- **Exercise**
Given the records below, the lines starting at the line with "New 100 m2 ground-floor" and ending at the line with "das Archiv, das" should be output exactly, both end lines kept and pictures left out.
*** Opening Information provided ***
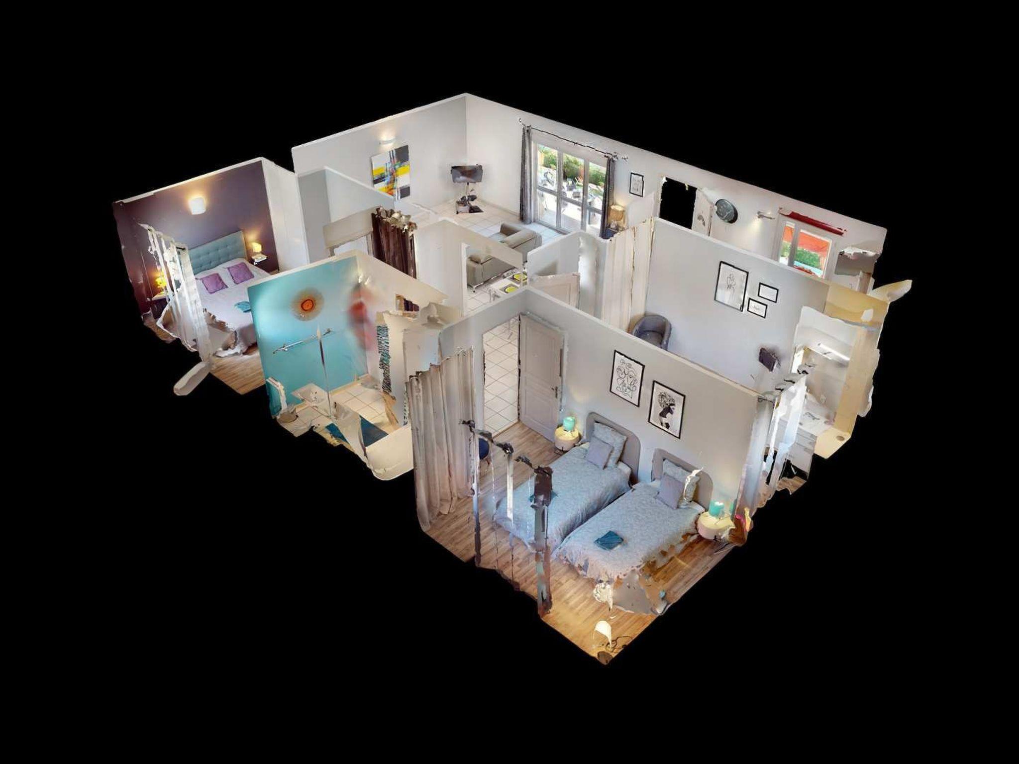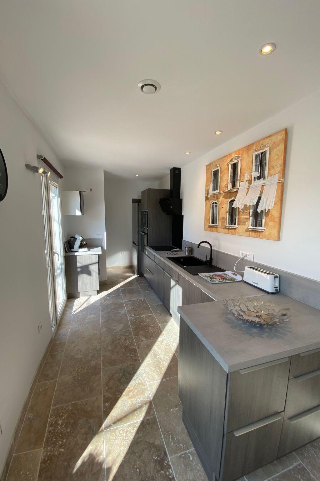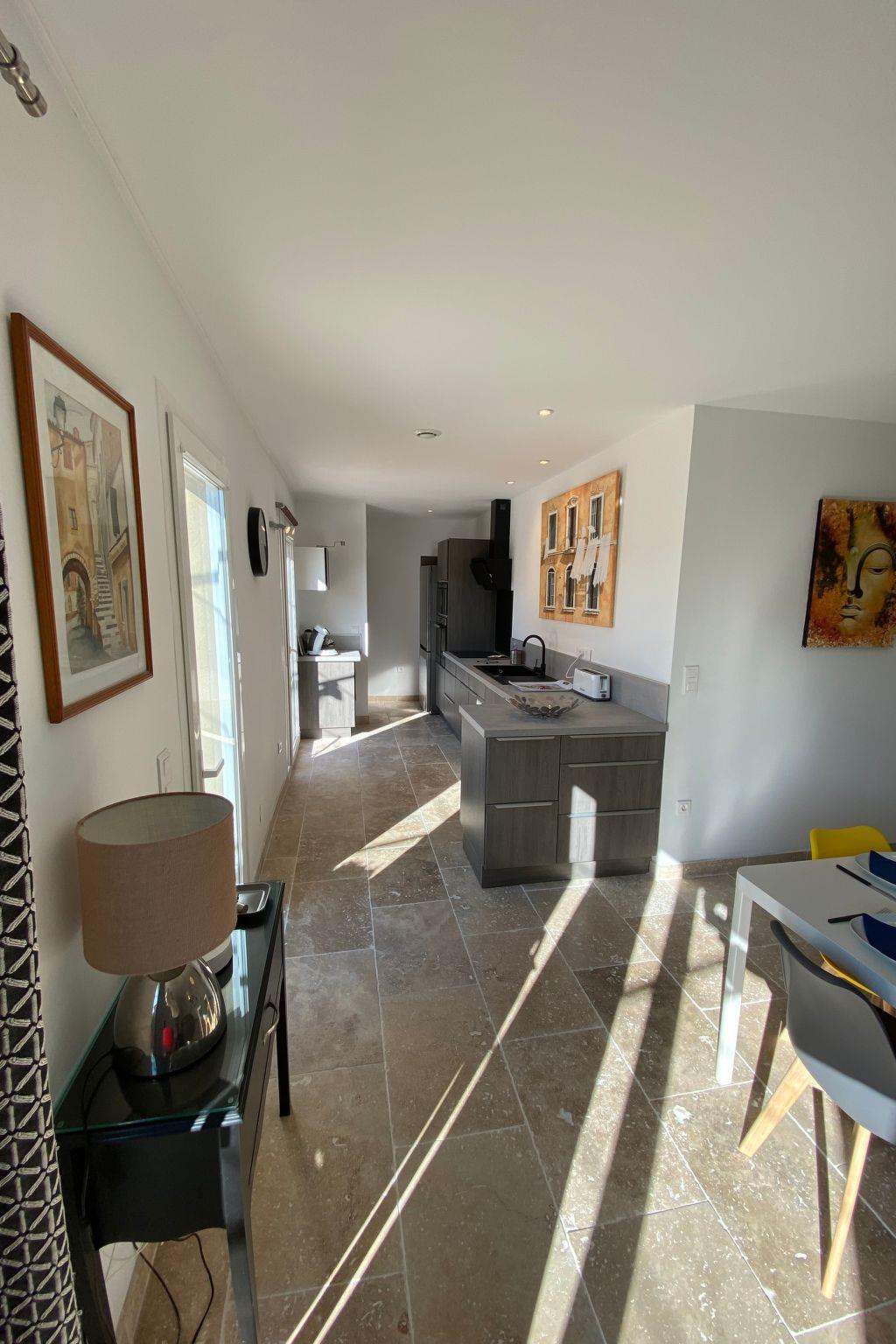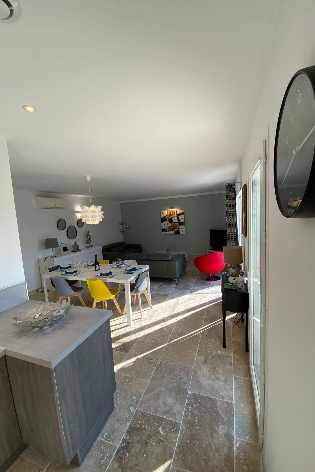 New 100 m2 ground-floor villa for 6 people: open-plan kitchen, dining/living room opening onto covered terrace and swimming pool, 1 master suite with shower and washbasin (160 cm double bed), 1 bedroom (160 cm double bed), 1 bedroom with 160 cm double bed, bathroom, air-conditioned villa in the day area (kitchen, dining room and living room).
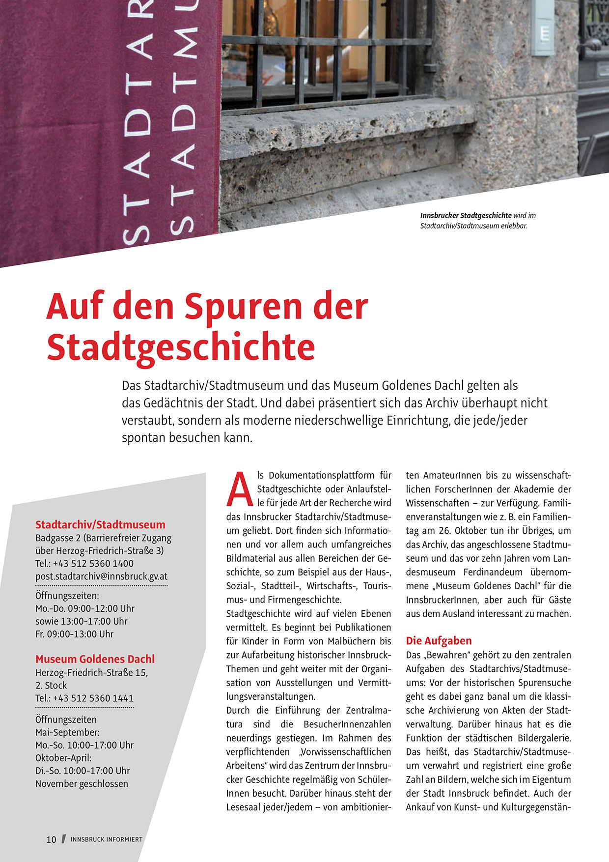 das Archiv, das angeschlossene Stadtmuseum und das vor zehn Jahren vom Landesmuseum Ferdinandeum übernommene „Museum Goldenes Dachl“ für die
*** Closing Information provided ***
*** Opening Information provided ***
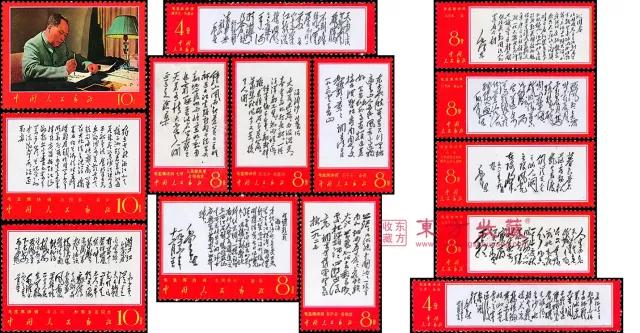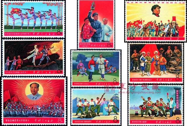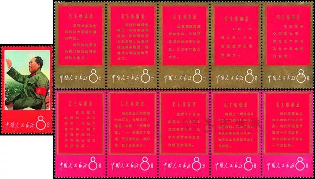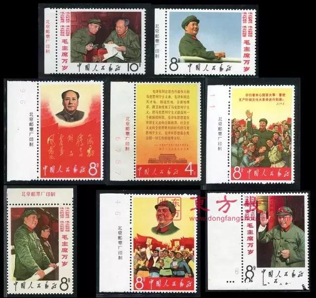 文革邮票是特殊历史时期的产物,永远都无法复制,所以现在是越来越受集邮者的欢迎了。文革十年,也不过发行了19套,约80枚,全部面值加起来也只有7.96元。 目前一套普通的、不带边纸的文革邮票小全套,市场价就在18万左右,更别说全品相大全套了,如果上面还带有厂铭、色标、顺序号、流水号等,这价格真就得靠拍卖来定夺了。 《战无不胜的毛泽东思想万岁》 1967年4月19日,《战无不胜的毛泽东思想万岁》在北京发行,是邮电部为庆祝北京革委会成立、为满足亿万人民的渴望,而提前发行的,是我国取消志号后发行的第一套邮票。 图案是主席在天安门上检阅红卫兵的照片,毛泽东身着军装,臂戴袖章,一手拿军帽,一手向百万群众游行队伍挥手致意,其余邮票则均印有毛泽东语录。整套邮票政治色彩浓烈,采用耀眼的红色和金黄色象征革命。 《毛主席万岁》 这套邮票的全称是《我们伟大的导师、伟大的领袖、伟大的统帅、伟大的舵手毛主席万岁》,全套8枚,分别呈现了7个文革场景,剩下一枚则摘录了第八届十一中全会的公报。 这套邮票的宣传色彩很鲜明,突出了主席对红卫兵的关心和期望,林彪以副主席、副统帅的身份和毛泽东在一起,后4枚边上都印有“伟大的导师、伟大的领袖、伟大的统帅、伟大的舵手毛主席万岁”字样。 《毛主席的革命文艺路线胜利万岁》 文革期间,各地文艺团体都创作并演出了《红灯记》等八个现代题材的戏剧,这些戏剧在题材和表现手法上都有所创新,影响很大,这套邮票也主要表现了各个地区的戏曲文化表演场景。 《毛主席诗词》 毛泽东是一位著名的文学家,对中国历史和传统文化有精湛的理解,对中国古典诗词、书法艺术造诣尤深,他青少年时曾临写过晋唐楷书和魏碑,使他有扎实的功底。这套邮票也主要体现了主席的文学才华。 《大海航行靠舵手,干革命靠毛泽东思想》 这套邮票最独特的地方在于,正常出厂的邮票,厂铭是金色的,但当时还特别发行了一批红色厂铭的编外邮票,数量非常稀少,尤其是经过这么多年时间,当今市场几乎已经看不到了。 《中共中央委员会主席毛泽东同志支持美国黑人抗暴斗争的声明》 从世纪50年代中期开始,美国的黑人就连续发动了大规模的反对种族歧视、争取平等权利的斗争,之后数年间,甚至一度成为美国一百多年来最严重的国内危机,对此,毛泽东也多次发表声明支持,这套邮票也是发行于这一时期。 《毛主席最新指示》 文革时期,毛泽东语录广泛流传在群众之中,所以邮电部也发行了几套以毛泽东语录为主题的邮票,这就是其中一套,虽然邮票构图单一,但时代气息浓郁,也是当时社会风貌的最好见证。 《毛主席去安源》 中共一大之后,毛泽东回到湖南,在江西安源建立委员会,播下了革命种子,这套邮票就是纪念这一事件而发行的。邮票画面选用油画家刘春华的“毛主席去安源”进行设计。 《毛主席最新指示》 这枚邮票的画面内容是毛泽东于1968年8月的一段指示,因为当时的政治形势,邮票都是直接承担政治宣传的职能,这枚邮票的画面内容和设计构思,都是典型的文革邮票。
*** Closing Information provided ***
*** Opening Information provided ***
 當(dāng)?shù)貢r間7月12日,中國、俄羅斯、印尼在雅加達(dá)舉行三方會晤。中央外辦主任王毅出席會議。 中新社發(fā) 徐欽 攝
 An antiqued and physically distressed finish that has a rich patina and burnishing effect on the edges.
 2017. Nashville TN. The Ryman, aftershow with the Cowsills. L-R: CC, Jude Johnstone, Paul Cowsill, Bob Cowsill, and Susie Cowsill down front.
*** Closing Information provided ***
- **Your solution**
 New 100 m2 ground-floor villa for 6 people: open-plan kitchen, dining/living room opening onto covered terrace and swimming pool, 1 master suite with shower and washbasin (160 cm double bed), 1 bedroom (160 cm double bed), 1 bedroom with 160 cm double bed, bathroom, air-conditioned villa in the day area (kitchen, dining room and living room).
 das Archiv, das angeschlossene Stadtmuseum und das vor zehn Jahren vom Landesmuseum Ferdinandeum übernommene „Museum Goldenes Dachl“ für die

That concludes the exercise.